Co-authors include Brad Jones, Mario Ostrowski, Prameet Sheth, Jessica Wong, Bahareh Vali, Feng Yun Yue, Malathy Satkunarajah, Gabor Gyenes, Martin Hyrcza, Rupert Kaul, and James Rini from the University of Toronto; Lishomwa Ndhlovu, Douglas Nixon, Aashish Jha, Brian Long, Marc Schweneker, Joan Chapman, and Joseph McCune at the Division of Experimental Medicine at UCSF; Jason Barbour, Gerald Spotts, and Frederick Hecht from the HIV/AIDS Division of the Department of Medicine at UCSF; Colin Kovacs, Aref Sassi, Mona Loutfy, Roberta Halpenny, and Desmond Persad at the Maple Leaf Medical Clinic, and Tae-Wook Chun of the National Institute of Allergy and Infectious Diseases, National Institutes of Health.
The research was supported by funds from the Canadian Institutes for Health Research (CIHR), UCSF Gladstone Institute of Virology & Immunology Center for AIDS Research (P30 AI027763), the UCSF AIDS Biology Program of the AIDS Research Institute (ARI), and the National Institutes of Health (AI60379, AI68498, AI64520, and AI066917) and the Cancer Research Institute.
The Faculty of Medicine at the University of Toronto is home to Canada’s pre-eminent medical school. Founded in 1843, the Faculty of Medicine catapulted onto the world stage with Sir Frederick Banting and Charles Best’s discovery of insulin in the 1920s. Today, the Faculty of Medicine ranks among the top institutions in the world, with 10 fully affiliated hospitals and 15 community-affiliated sites.

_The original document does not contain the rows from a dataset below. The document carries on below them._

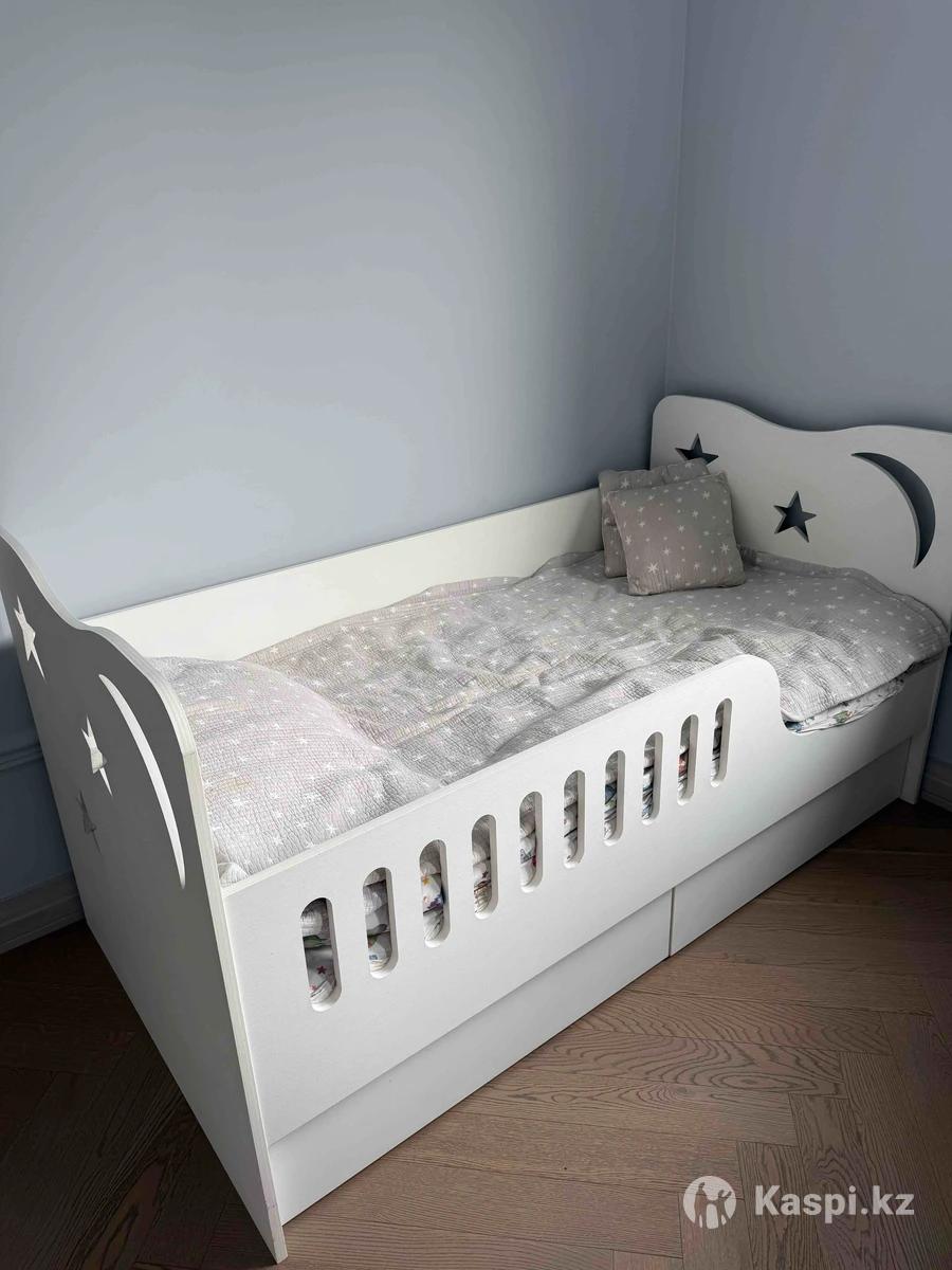 Продам кровать белого цвета в хорошем состоянии с бортиком. Делали на заказ. Продается без матраса. Размер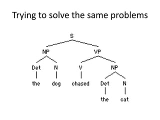 Unification grammar uses attribute-value matrices (AVMs) to represent syntactic and semantic information about words and phrases, without requiring movement operations. AVMs model words as structured objects with attributes like PHON, SYNSEM, CAT, and VALENCE/SUBCAT. Unification grammar combines syntactic objects when their attributes are compatible, such as when a verb's SUBJ attribute matches the CONT and CAT features of an appropriate subject noun phrase. This achieves composition through structure-sharing rather than movement. Head-driven phrase structure grammar (HPSG) is a popular type of unification grammar.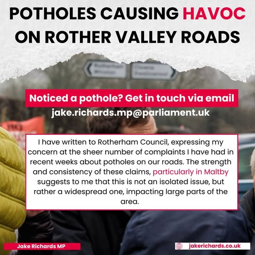 I have, following consultation with residents, identified a large list of roads that require attention, which I have passed onto Rotherham Council. I expect swift action, to identify when these roads were last inspected, remedial work that has been undertaken and whether defects have been formally recorded and classified.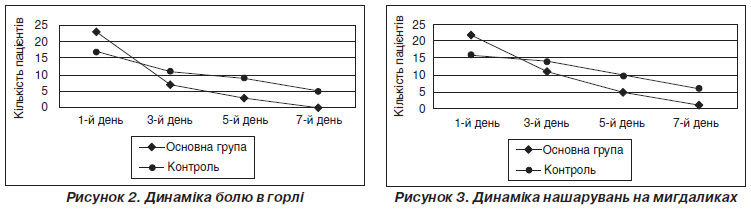 Характеризуючи локальні зміни, слід зауважити, що нашарування на мигдаликах були жовто-білого кольору у вигляді суцільних або фолікулярних нашарувань, які легко знімались шпателем, не залишаючи ерозованої поверхні. У ході лікування у пацієнтів основної групи ми отримали чітку вірогідну різницю вже на 3-й день лікування, адже наведені дані демонструють регрес локальної симптоматики у 50 % пацієнтів. Аналогічною була тенденція на 5-й та 7-й день лікування.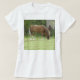 Ce t-shirt pour enfants mignon présente une belle photo d'un cheval de couleur marron châtaignier magnifique avec une crinière brune et des pieds blancs. Le cheval broute sur une herbe verte courte dans un champ. Le design est présenté ici sur un tee à poupée blanche pour dames, mais est disponible sur une gamme de styles et de couleurs de vêtements pour enfants, bébés, femmes et hommes.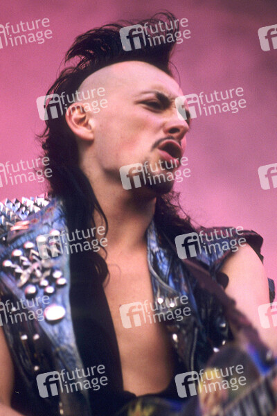 Geoff 'Cobalt Stargazer' Bird von Zodiac Mindwarp and the Love Reaction live auf dem Reading Rock Festival 1986 an der Richfield Avenue. Reading, 24..08.1986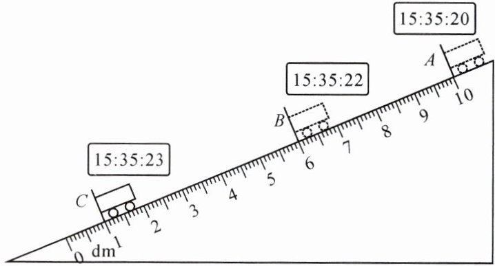 10. (2024·娄底期末)物理实验小组的同学在学习“速度的测量”时,想测量从斜面上滑下的物体在不同阶段的平均速度,设计了如图所示的实验装置:让小车从带有刻度的斜面顶端由静止滑下,图中的方框是小车到达A、B、C三个位置时电子表的显示时间(方框里面的数字分别表示“时:分:秒”),则: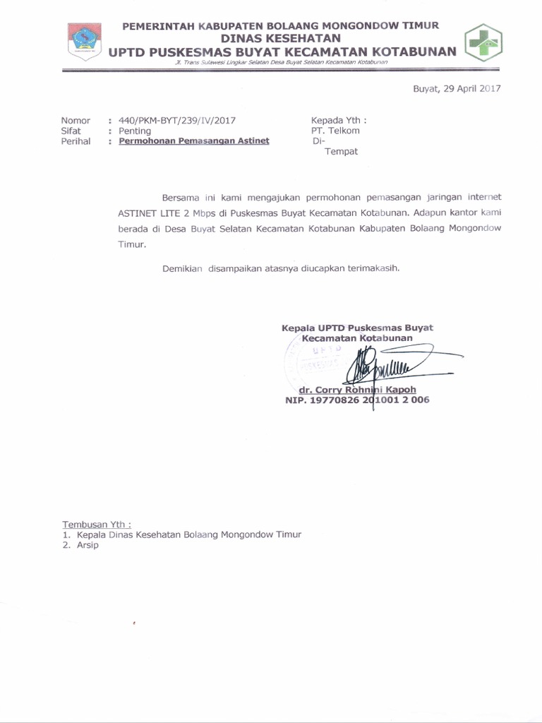 Surat Permohonan Pemasangan Astinet Di Puskesmas Buyat

Established in 1827, the University of Toronto is Canada’s largest and most influential university with almost 12,000 faculty and staff working at three campuses and 10 academic hospitals in the Toronto region. Our world-leading scholars teach more than 60,000 students in 841 distinct undergraduate programs as well as 520 graduate and 42 professional programs. According to Thomson ISI data, U of T faculty also publishes more research than any other publicly funded university in North America. And with over 400,000 alumni in more than 130 countries around the world, U of T is truly global in reach and impact.
The University of California, San Francisco (UCSF), Division of Experimental Medicine, the Gladstone Institute of Virology and Immunology and the UCSF Positive Health Program are affiliated with the AIDS Research Institute (ARI) at UCSF. UCSF ARI houses hundreds of scientists and dozens of programs throughout UCSF and affiliated labs and institutions, making ARI one of the largest AIDS research entities in the world.
UCSF is a leading university dedicated to defining health worldwide through advanced biomedical research, graduate level education in the life sciences and health professions, and excellence in patient care.